As an inorganic chemist working at an undergraduate institution, my teaching focuses primarily on General and Inorganic Chemistry and ChemInformatics. My research encompasses the areas of synthetic inorganic chemistry, bioinorganic chemistry and crystallography. Our current research goals center on developing new synthetic approaches to preparing extended materials containing metal halide clusters. I also have created several instructional websites including an extensive set of materials for teaching concepts of point group symmetry (https://symotter.org).

Hosted by Mik Patel of the Blank group

Professor Rodrigo Noriega

Professor Rodrigo Noriega
Department of Chemistry
The University of Utah
Abstract

Local interactions in biomolecular recognition and photochemistry

My research approaches the interactions between a reactant and its surroundings as active chemical components, with the view that accounting for the local environments where molecular complexes are formed, charges are exchanged, and chemical bonds are made or broken is a necessary step to solving challenges in energy, sustainability, and health. To achieve this goal, my lab uses time-resolved spectroscopy with an emphasis on in-situ probes and external stimuli.

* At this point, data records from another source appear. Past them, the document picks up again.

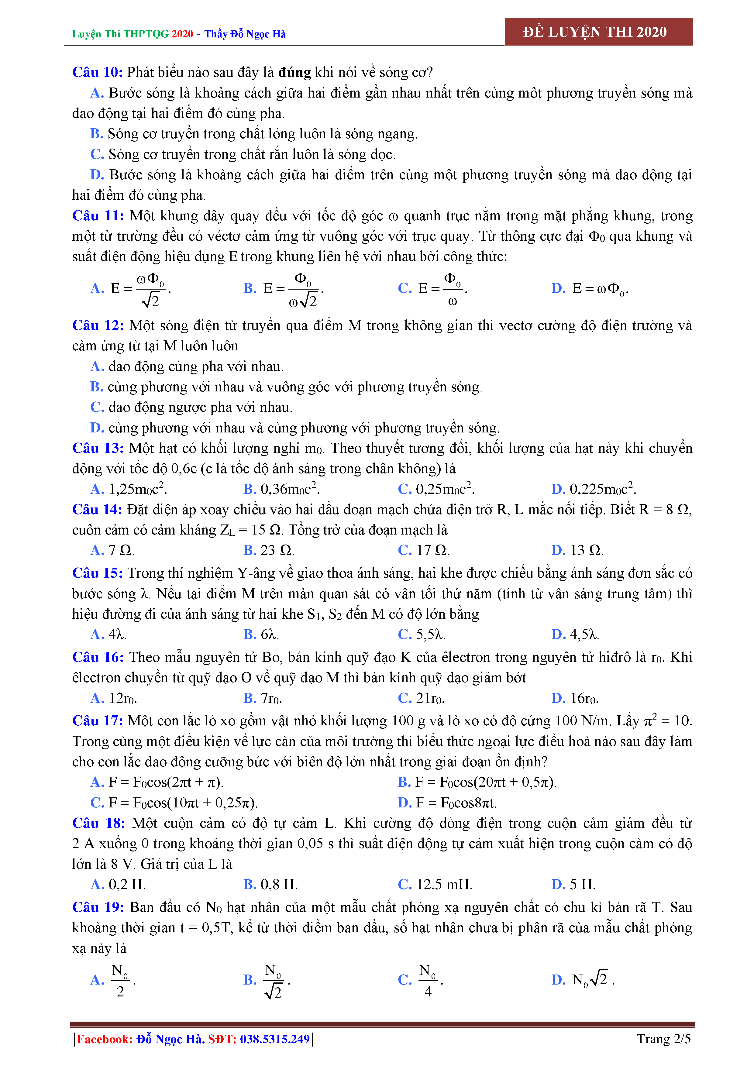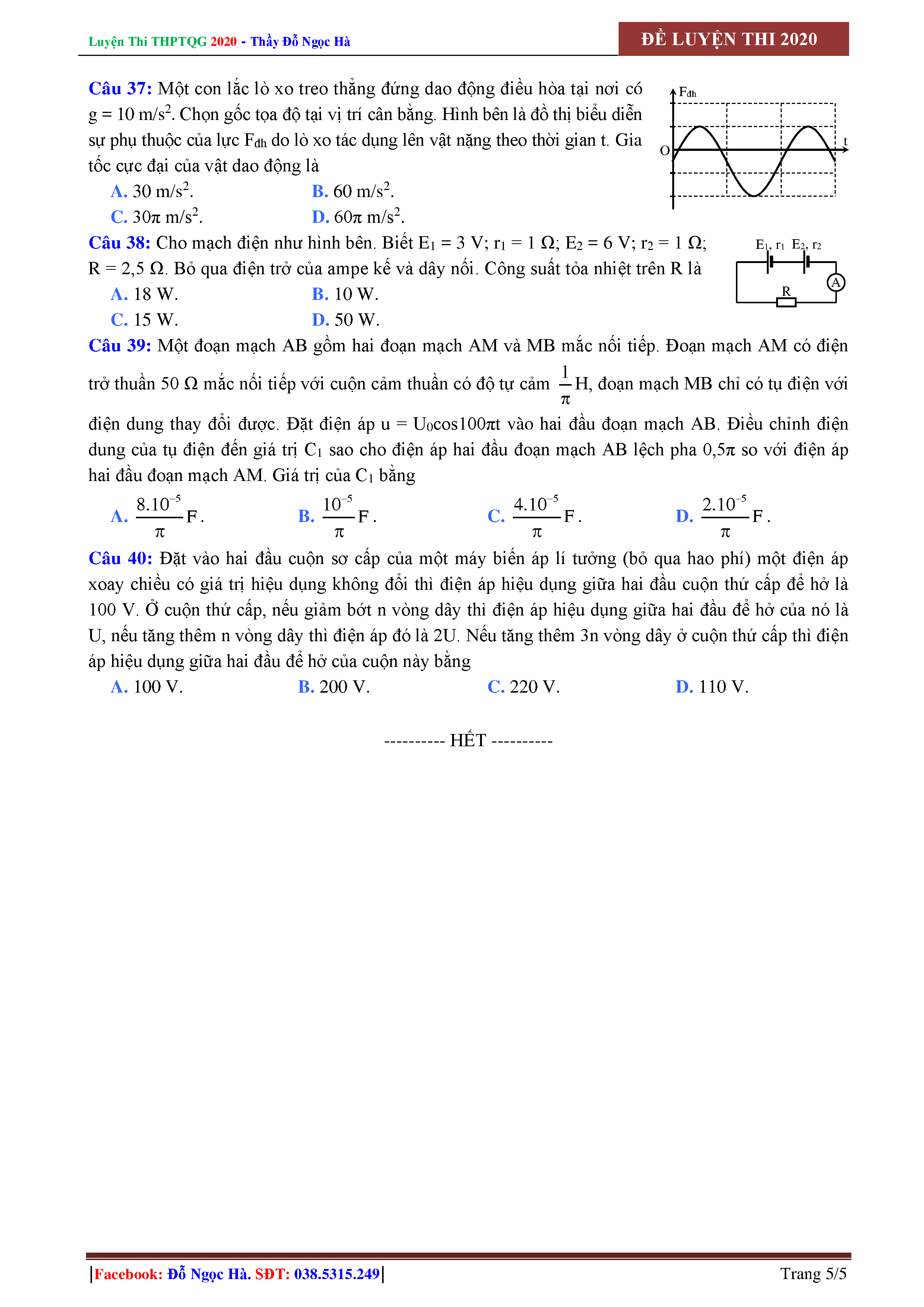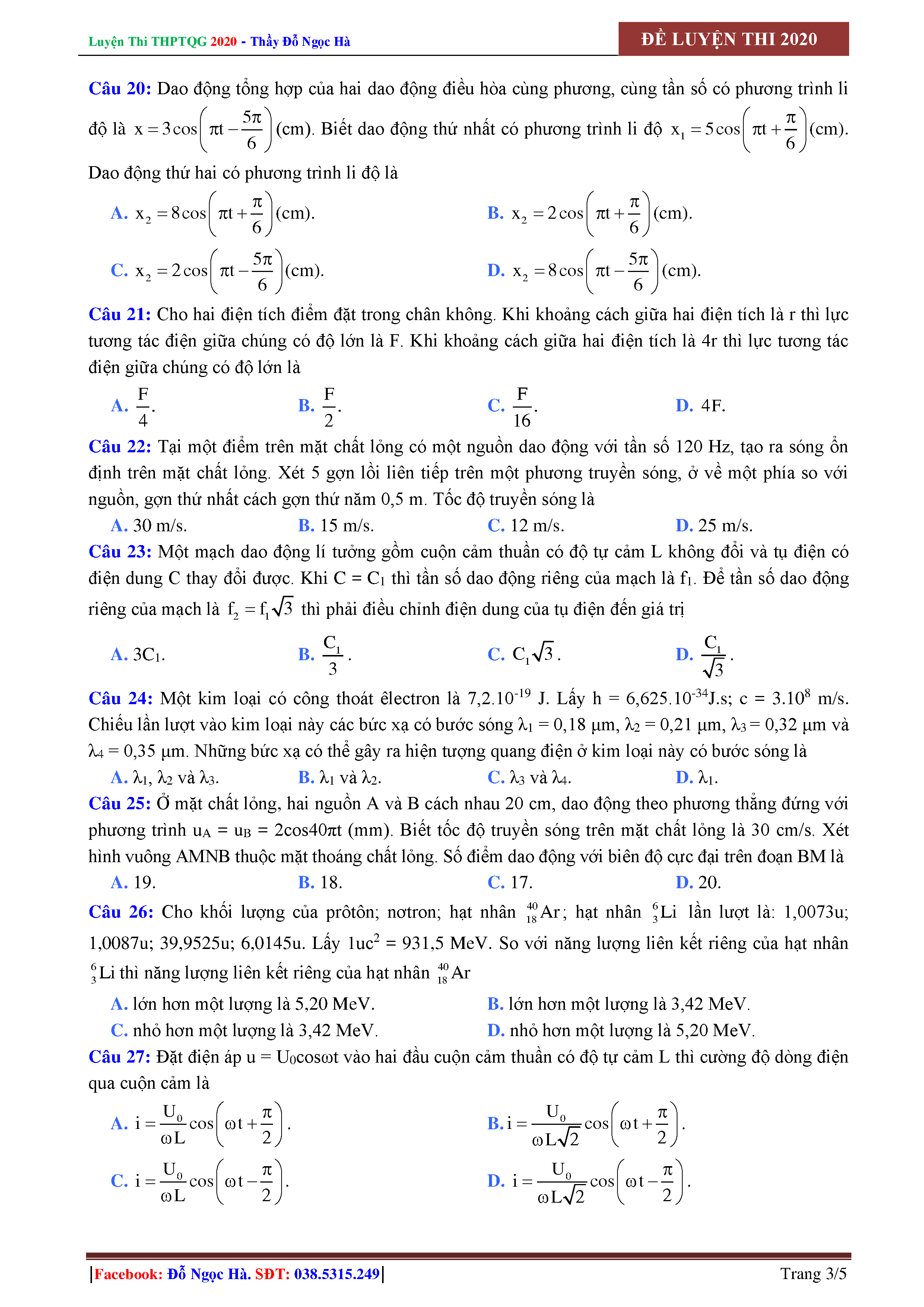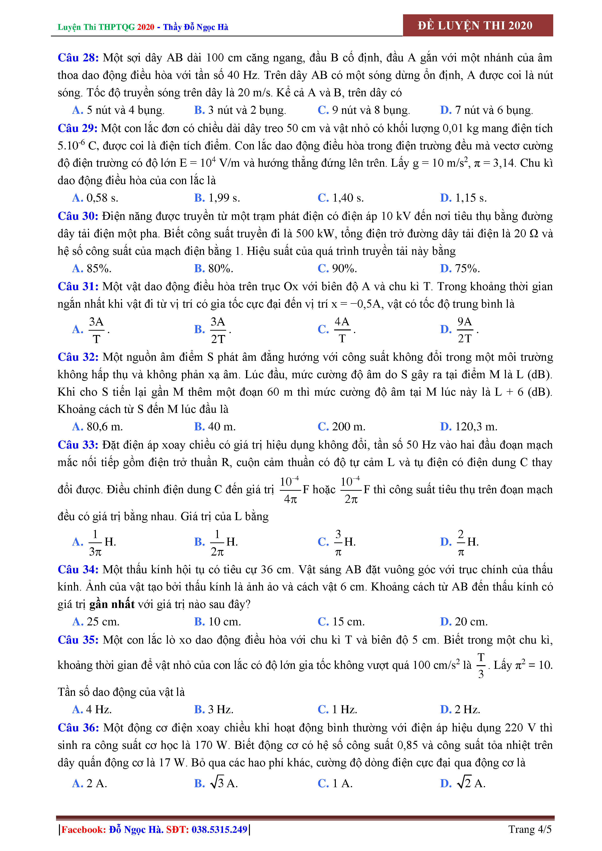 Đề nắm chắc 8 điểm môn Vật Lí - Thầy Đỗ Ngọc Hà - Năm 2020 - đề số 01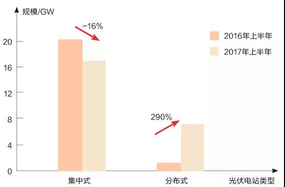 能源局的数据显示,上半年光伏发电市场规模快速扩大,新增光伏发电装机2440万千瓦,其中,光伏电站1729万千瓦,同比减少16%;分布式光伏711万千瓦,同比增长2.9倍。从数据来看,最为亮眼的无疑是分布式光伏的近三倍增长,在集中式地面电站逐渐收缩的时候,分布式光伏已成为另一个爆发点。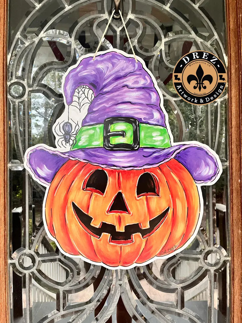 Pumpkin w/Witch Hat Door Hanger

In the first part of this talk, I will discuss our efforts to disentangle the link between molecular recognition and biochemical function of protein-RNA complexes. From antiviral defense to gene expression and repair, key biological events need proteins to bind specific nucleic acid structures, irrespective of sequence, via shape and charge complementarity. Our group has linked the terminus-specific biochemical activity of the endonuclease enzyme Dicer-2 (D. melanogaster) to a terminus-dependent molecular recognition step, which is overridden by its cofactor protein Loquacious-PD. To understand how electrostatic interactions regulate biomolecular complex formation, we localize them at an interface and study their formation and stability with mid-IR plasmons and ultrafast fluorescence. In this way, we identify the basis for the activity of Loquacious-PD, whose protein-RNA complexes display diffusion-limited association rates, stoichiometry-dependent dissociation rates, and equilibrium constants affected by electric fields.

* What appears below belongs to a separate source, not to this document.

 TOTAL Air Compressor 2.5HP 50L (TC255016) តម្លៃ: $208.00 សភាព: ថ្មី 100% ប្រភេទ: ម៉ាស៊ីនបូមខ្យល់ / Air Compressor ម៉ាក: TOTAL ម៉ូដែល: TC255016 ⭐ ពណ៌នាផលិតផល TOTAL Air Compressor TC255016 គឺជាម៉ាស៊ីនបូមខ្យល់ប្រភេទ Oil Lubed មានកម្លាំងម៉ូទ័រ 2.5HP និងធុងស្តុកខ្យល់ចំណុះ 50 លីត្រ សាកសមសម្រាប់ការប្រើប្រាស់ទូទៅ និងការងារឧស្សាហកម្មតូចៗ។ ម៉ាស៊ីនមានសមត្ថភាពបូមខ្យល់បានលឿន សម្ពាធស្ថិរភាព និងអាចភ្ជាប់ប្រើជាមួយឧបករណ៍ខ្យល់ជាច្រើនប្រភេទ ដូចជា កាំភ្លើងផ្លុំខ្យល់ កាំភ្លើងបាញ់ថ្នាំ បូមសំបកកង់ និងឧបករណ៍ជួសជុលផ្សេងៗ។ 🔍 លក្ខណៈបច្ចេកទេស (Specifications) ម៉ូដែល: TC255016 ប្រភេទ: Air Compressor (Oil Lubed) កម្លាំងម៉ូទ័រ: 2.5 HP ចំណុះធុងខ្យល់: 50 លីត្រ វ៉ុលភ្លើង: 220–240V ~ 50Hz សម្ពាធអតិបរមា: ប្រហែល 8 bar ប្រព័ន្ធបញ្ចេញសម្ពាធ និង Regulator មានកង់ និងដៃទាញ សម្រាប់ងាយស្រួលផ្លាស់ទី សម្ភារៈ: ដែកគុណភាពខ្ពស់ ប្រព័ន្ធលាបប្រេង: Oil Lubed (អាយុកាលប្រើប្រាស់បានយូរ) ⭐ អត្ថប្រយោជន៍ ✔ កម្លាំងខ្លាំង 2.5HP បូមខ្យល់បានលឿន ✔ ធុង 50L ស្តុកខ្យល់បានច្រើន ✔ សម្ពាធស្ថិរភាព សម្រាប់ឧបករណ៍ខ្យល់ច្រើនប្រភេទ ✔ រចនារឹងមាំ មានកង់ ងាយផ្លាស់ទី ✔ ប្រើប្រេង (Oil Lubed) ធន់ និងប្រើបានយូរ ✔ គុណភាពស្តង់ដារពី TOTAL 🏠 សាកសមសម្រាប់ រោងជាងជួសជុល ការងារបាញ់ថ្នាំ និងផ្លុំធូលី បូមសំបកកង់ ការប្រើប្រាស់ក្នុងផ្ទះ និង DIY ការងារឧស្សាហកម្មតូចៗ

In the second portion of my talk, I will share our work on a different platform to study biological interactions: dual-functionality biosensors used for correlative fluorescence and electron microscopy. Chromophore-binding proteins and RNA aptamers can be made into genetically-encodable biosensors with substantial photon emission while also providing an effective photochemical route to yield localized contrast agents in the form of metal-chelating polymer particles. However, while the photophysical parameters that determine their fluorescence under live-cell imaging conditions have been characterized in detail, the photochemical cycle that leads to the in-situ growth of metal-chelating polymers is not well understood. Our results indicate a need to reevaluate the traditional assumption that reactive oxygen species are the driver for the photo-oxidative coupling of aromatic amine monomers. We find that quenching by electron-transfer from monomers outcompetes quenching by molecular oxygen and, while this alternate pathway is significantly less efficient than the one mediated by singlet oxygen, it can be responsible for a significant portion of the polymer yield.

Rodrigo Noriega

Rodrigo Noriega is an Assistant Professor in the Chemistry Department at the University of Utah. His research aims to understand how heterogeneous and dynamic environments affect the structure of soft matter and tune their functionality, with a specific interest in charge/energy transfer and molecular recognition. He is originally from Mexico, where he attended Tecnologico de Monterrey for his bachelor’s degree in Engineering Physics. He obtained his Ph.D. in Applied Physics from Stanford University working with Professor Alberto Salleo on the structural and optoelectronic characterization of organic semiconductors. His postdoctoral work in the group of Professor Naomi S. Ginsberg at the University of California Berkeley used ultrafast laser spectroscopy to probe the effects of local environment on the photophysics of fluorescent organic molecules.